§ WHAT TO DO
The lines below, from the one containing "[후원] 천안시사회복지협회 페이지" through the one containing "Keystone Block retaining", should be set down exactly, with no pictures and nothing else.

Source data
---*---

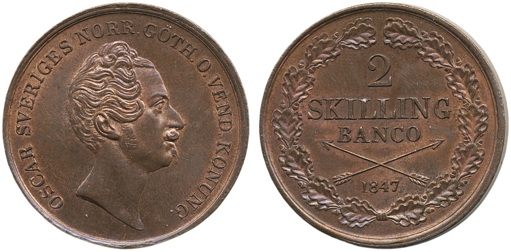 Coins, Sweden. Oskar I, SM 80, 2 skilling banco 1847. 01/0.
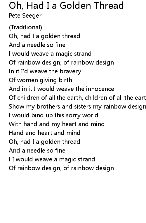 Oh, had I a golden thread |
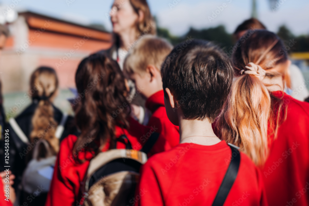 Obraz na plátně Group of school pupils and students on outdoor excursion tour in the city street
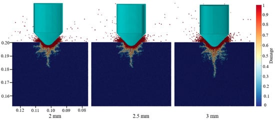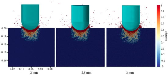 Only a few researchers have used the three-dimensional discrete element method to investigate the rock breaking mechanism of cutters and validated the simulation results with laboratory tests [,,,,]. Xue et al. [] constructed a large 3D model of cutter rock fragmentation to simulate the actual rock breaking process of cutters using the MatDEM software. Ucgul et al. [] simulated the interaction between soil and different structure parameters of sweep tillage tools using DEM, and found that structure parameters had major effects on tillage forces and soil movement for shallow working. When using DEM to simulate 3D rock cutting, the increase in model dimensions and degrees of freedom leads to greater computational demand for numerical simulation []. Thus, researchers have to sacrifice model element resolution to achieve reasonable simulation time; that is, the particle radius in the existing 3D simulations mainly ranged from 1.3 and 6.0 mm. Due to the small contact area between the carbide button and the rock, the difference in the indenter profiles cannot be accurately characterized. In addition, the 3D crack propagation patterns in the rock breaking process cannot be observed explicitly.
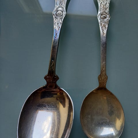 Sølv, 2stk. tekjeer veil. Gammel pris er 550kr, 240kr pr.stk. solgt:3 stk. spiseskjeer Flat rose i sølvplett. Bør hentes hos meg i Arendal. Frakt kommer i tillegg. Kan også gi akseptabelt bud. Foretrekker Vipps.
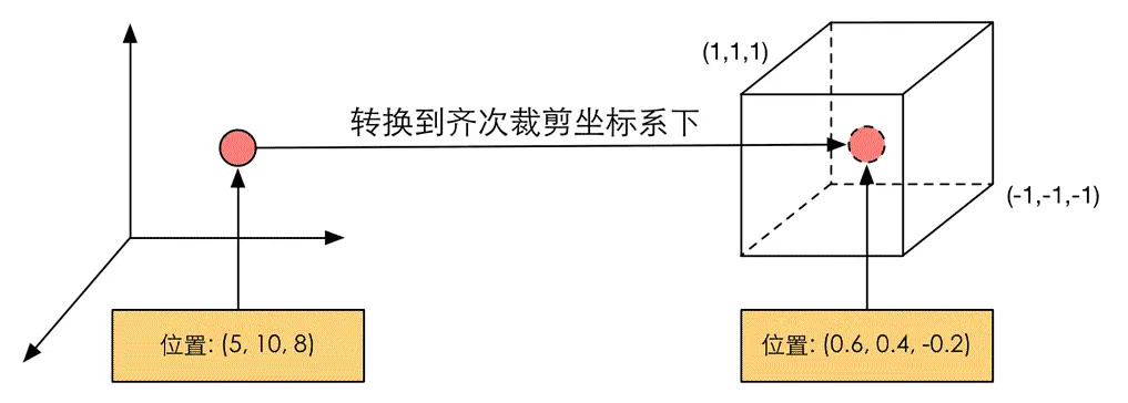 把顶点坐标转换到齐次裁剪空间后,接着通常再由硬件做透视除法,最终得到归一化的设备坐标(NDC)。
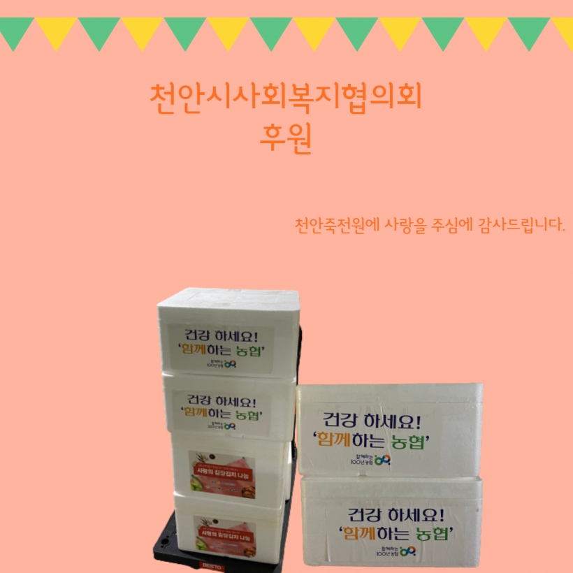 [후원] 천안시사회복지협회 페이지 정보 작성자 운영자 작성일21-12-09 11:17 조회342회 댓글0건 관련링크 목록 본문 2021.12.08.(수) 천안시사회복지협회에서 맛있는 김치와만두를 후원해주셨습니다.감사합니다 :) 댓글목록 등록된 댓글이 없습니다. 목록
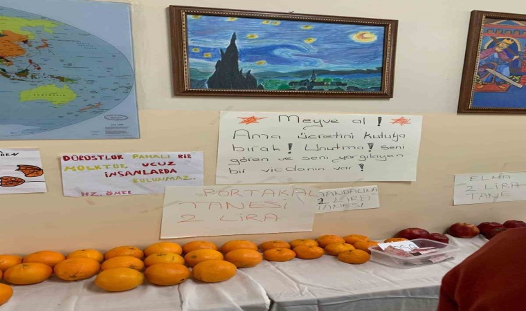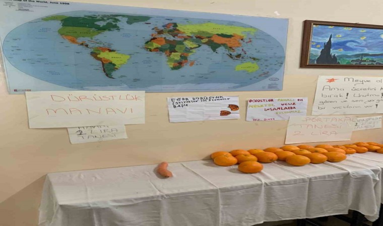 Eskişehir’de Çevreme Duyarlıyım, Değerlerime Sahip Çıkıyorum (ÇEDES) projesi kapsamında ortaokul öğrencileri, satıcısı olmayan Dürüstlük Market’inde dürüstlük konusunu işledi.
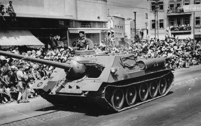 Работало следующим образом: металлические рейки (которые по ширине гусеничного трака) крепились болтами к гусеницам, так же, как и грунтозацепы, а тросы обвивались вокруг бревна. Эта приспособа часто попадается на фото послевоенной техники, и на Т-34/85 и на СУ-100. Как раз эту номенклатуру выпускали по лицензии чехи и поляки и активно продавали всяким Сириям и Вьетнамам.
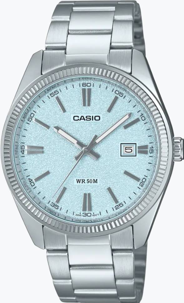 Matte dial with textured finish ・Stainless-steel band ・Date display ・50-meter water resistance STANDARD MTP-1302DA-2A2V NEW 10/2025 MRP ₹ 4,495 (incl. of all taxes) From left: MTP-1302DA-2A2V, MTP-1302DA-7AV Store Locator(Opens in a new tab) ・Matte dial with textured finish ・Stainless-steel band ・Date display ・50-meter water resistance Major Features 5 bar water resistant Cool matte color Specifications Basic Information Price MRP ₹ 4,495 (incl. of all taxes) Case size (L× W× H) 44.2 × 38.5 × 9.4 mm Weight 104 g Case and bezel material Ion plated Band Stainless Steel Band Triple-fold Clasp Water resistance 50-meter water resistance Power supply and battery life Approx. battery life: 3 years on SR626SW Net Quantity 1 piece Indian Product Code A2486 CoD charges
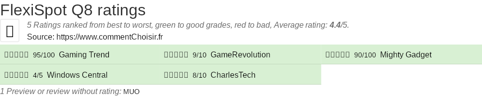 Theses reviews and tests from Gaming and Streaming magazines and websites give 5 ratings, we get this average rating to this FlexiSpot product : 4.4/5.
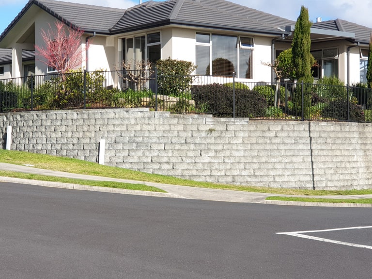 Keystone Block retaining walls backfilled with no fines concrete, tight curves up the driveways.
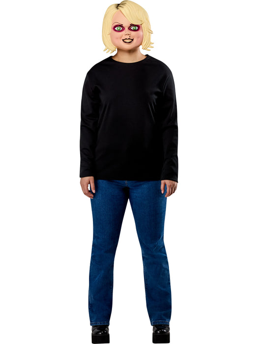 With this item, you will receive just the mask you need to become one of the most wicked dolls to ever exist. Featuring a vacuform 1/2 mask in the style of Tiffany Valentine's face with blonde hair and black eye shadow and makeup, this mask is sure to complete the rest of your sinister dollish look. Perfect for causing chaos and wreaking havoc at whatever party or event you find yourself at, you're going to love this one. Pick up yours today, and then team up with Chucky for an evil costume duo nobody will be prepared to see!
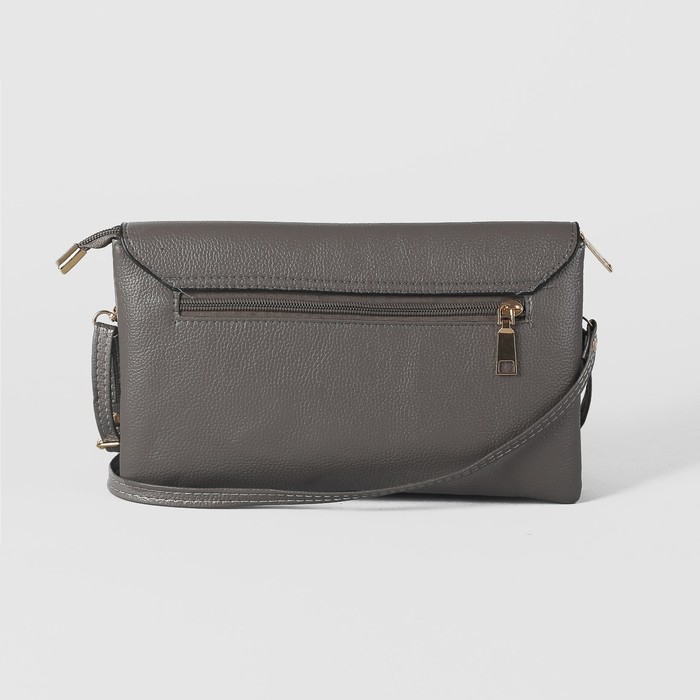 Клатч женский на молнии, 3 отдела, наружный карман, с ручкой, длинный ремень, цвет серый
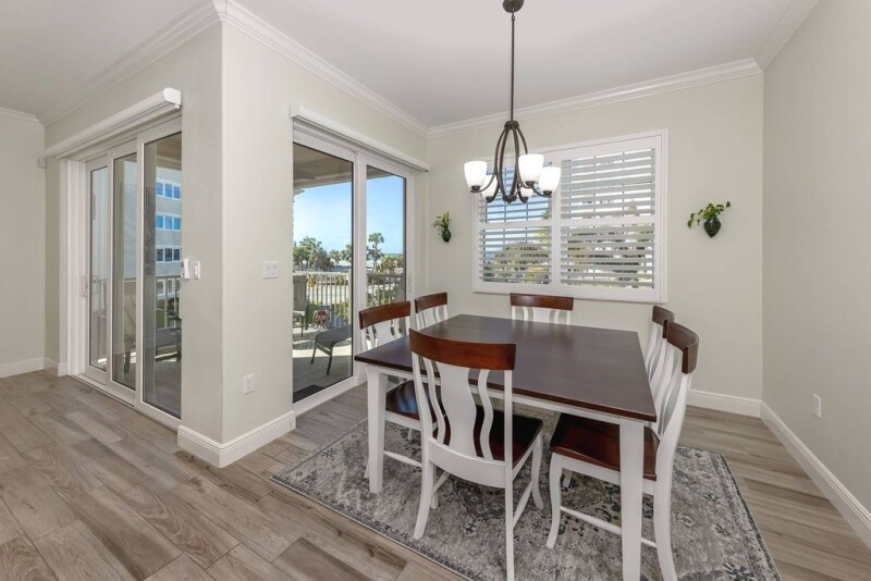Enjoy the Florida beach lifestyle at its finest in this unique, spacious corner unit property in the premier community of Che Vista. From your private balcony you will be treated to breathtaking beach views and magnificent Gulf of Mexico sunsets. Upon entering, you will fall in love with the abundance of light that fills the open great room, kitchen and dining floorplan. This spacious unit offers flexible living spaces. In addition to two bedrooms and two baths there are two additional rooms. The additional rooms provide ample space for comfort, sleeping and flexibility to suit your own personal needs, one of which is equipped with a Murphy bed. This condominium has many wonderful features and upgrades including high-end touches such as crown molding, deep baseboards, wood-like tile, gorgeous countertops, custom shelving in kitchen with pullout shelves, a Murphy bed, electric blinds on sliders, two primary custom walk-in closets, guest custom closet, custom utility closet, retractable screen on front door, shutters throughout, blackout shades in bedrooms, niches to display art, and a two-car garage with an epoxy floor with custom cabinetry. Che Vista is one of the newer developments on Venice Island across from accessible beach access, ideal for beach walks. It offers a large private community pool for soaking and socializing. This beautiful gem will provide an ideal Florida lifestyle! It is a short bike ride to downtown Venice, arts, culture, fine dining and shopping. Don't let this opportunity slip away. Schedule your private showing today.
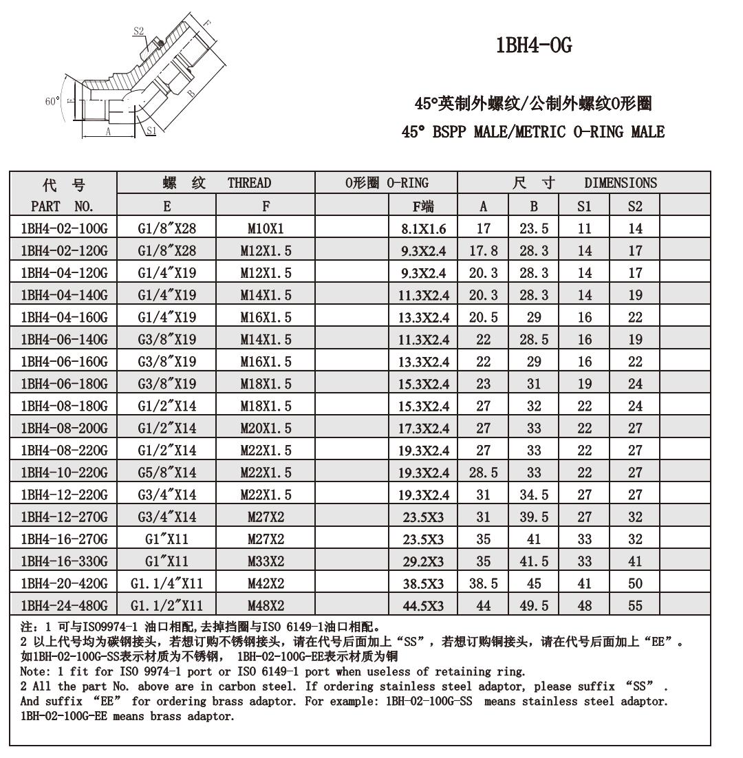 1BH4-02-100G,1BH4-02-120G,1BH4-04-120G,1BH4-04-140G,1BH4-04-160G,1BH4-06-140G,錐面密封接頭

---*---

§ OUTPUT OF THE EXERCISE
 [후원] 천안시사회복지협회 페이지 정보 작성자 운영자 작성일21-12-09 11:17 조회342회 댓글0건 관련링크 목록 본문 2021.12.08.(수) 천안시사회복지협회에서 맛있는 김치와만두를 후원해주셨습니다.감사합니다 :) 댓글목록 등록된 댓글이 없습니다. 목록
 Eskişehir’de Çevreme Duyarlıyım, Değerlerime Sahip Çıkıyorum (ÇEDES) projesi kapsamında ortaokul öğrencileri, satıcısı olmayan Dürüstlük Market’inde dürüstlük konusunu işledi.
 Работало следующим образом: металлические рейки (которые по ширине гусеничного трака) крепились болтами к гусеницам, так же, как и грунтозацепы, а тросы обвивались вокруг бревна. Эта приспособа часто попадается на фото послевоенной техники, и на Т-34/85 и на СУ-100. Как раз эту номенклатуру выпускали по лицензии чехи и поляки и активно продавали всяким Сириям и Вьетнамам.
 Matte dial with textured finish ・Stainless-steel band ・Date display ・50-meter water resistance STANDARD MTP-1302DA-2A2V NEW 10/2025 MRP ₹ 4,495 (incl. of all taxes) From left: MTP-1302DA-2A2V, MTP-1302DA-7AV Store Locator(Opens in a new tab) ・Matte dial with textured finish ・Stainless-steel band ・Date display ・50-meter water resistance Major Features 5 bar water resistant Cool matte color Specifications Basic Information Price MRP ₹ 4,495 (incl. of all taxes) Case size (L× W× H) 44.2 × 38.5 × 9.4 mm Weight 104 g Case and bezel material Ion plated Band Stainless Steel Band Triple-fold Clasp Water resistance 50-meter water resistance Power supply and battery life Approx. battery life: 3 years on SR626SW Net Quantity 1 piece Indian Product Code A2486 CoD charges
 Theses reviews and tests from Gaming and Streaming magazines and websites give 5 ratings, we get this average rating to this FlexiSpot product : 4.4/5.
 Keystone Block retaining walls backfilled with no fines concrete, tight curves up the driveways.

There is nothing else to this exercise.